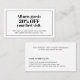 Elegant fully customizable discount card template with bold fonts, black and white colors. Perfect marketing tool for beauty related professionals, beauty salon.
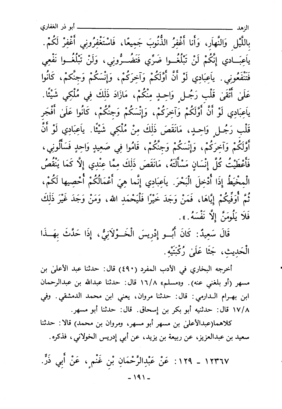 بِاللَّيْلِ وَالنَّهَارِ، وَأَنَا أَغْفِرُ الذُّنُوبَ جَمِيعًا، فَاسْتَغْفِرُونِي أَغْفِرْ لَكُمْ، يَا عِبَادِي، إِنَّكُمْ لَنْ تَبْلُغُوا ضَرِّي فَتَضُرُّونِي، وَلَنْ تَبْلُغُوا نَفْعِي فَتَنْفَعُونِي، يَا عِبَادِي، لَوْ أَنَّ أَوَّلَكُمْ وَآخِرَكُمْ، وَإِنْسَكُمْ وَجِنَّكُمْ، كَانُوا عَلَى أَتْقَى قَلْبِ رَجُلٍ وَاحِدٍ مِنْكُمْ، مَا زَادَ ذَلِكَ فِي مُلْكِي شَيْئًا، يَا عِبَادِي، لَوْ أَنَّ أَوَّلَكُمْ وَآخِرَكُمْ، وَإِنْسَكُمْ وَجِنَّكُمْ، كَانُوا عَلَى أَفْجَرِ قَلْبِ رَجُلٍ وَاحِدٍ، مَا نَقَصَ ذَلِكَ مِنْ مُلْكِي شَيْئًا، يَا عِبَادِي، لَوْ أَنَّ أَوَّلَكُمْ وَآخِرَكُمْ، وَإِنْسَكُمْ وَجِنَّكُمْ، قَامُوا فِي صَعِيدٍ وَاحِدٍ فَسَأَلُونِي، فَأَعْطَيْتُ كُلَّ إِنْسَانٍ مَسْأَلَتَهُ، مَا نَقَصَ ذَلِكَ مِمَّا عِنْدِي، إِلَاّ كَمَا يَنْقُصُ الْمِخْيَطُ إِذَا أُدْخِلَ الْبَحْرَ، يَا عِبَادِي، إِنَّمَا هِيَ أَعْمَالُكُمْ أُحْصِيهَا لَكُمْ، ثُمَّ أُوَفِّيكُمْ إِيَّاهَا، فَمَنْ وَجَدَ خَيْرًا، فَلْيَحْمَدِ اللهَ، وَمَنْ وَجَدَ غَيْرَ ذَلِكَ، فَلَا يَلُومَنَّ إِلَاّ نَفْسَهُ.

---

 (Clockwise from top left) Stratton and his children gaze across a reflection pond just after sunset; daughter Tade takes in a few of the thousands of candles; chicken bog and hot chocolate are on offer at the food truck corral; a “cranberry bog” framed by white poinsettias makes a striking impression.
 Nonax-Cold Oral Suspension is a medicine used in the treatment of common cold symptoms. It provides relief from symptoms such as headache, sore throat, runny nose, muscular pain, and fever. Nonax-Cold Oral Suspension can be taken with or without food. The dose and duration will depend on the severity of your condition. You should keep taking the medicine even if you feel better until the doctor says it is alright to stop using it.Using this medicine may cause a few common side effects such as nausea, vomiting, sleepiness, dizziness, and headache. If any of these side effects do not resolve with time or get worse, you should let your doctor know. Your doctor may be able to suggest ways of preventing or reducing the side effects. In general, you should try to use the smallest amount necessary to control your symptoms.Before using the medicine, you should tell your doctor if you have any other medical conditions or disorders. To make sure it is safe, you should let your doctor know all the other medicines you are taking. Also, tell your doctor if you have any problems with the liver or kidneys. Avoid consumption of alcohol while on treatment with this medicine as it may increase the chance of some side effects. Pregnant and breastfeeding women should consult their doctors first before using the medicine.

◆ **Goal of the exercise**: Please state how many lines of the material above include the word "food"; the number is the whole answer.

◆ **The answer**: 2